Preoperatively, the patients undergoing hip resurfacing had a lower average Harris hip score (46 vs 52 points; p = 0.005), with more pain (94% vs 58%, marked pain; p < 0.0001), but had higher UCLA activity scores (Table 3). Postoperatively, the patients undergoing hip resurfacing demonstrated greater improvement in Harris hip scores (p = 0.002), with an average score of 97, compared to an average of 96 for the THA group. However, fewer patients in the resurfacing group had complete relief of pain (48% vs 80%, pain-free; p = 0.007). The resurfacing group had a 1.5-grade greater increase in UCLA activity score than the THA group (p = 0.003), resulting in a postoperative UCLA activity score of 8.2 versus 5.9 for the THA group (p < 0.0001). Similarly, there was relatively greater improvement in the postoperative function scores (Harris hip score minus the pain, deformity, and ROM components; p = 0.007) and SF-12 physical score (p = 0.002) for the resurfacing group (Table 4).
Both groups demonstrated substantial improvement in postoperative ROM and there were no significant differences in the postoperative ROM between the two groups. However, the patients undergoing THA started with less ROM and had greater improvements with greater increases in flexion, extension, and abduction than the patients undergoing resurfacing (Tables 3 and 4).
Ten patients (14 hips) received a 36-mm metal-metal bearing THA in anticipation of higher postoperative activity. This subset of patients undergoing THA was similar to the resurfacing group, with 62% of these hips (9/14) in male patients; only 30% (9/30) of the metal-on-polyethylene total hips were in males (p = 0.01). The patients with 36-mm metal-metal bearing THA had essentially the same height (68.2 inches), weight (181 pounds), and BMI (27.2 kg/m2) as the patients with an MMSR and were significantly taller (p < 0.0001), leaner (p < 0.0001), and had a higher preoperative UCLA activity score (4.8 vs 2.9; p < 0.0001) than the other patients undergoing THA, with no significant differences in age, diagnoses, or Charnley class.
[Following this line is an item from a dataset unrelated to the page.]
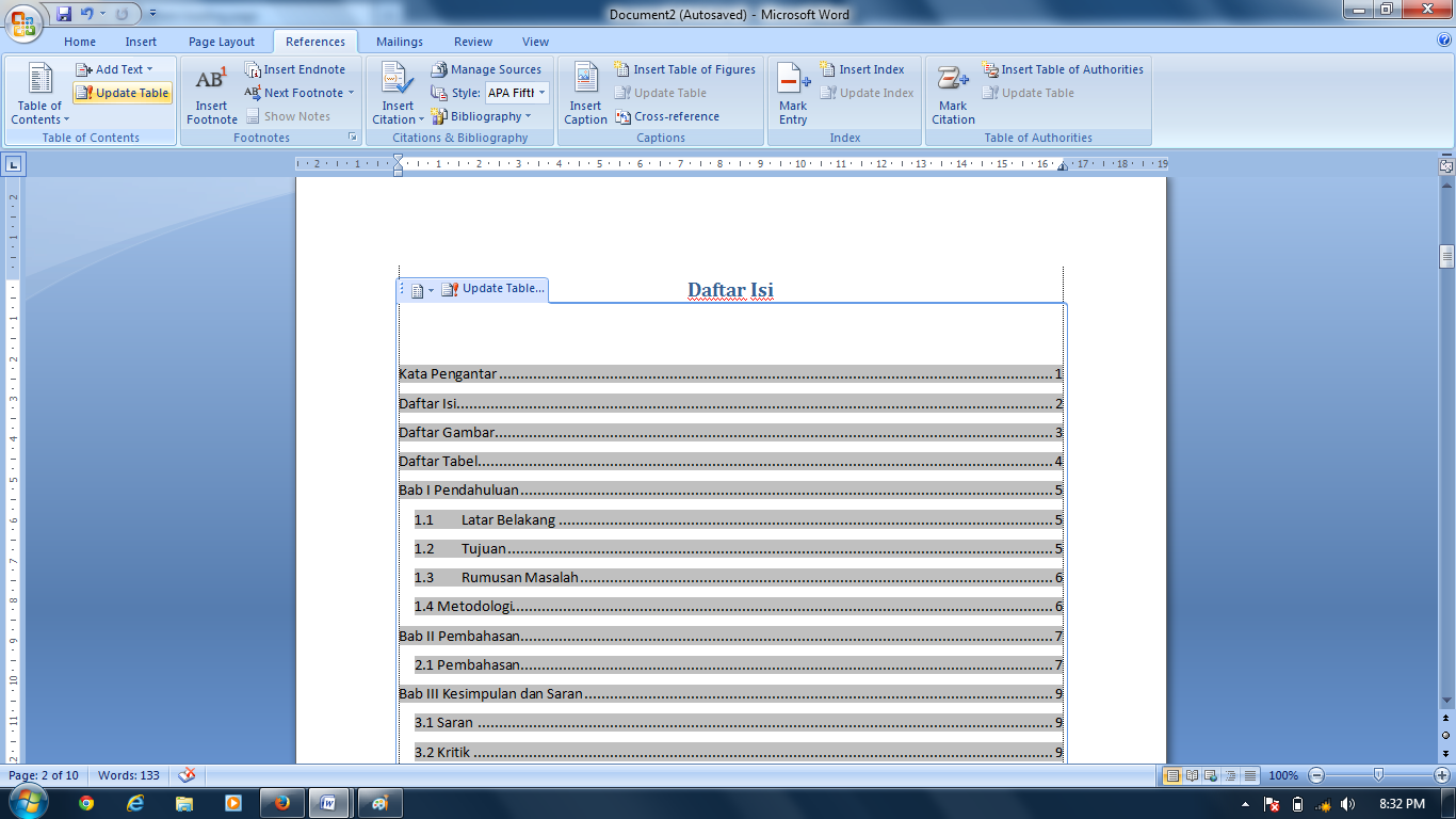 Jika mengubah Daftar isi karena sudah mengubah format number halaman makalah, tinggal klik References terus Update Table dan pilih Update Entire Table, klik OK

The postoperative outcome of patients with a 36-mm metal-metal bearing THA was similar to the MMSR group and significantly better than the other patients undergoing THA, with a higher average Harris hip score (99 vs 94; p = 0.05), higher average function score (p = 0.05), higher average SF-12 physical score (563 vs 42; p < 0.0001), higher average SF-12 mental score (57 vs 50; p = 0.007), and a higher average UCLA activity score (7.7 vs 4.9; p < 0.0001). Patients undergoing THA with a 36-mm metal-metal bearing had higher average flexion scores (127 vs 116; p = 0.02) than patients who underwent an MMSR.
There was one femoral failure in the resurfacing group, as mentioned previously. A cementless femoral stem was inserted with a modular femoral head that matched the retained acetabular component. No other component in either group was revised and no component became radiographically loose. In one patient, a small fragment from an inserter attachment slot on the rim of one resurfacing acetabular component broke off (at an indeterminate time) and was demonstrated on a 3-year postoperative radiograph in an asymptomatic patient. One sciatic nerve palsy occurred in the resurfacing group. As well, one posterior dislocation took place in each group; both were managed by closed reduction and were subsequently stable. Brooker (9) Grade I or II heterotopic ossification (HO) occurred in 10 resurfaced hips and four THAs. Two resurfaced hips had Grade III HO. An adverse clinical outcome could not be directly attributed to HO in any of these cases.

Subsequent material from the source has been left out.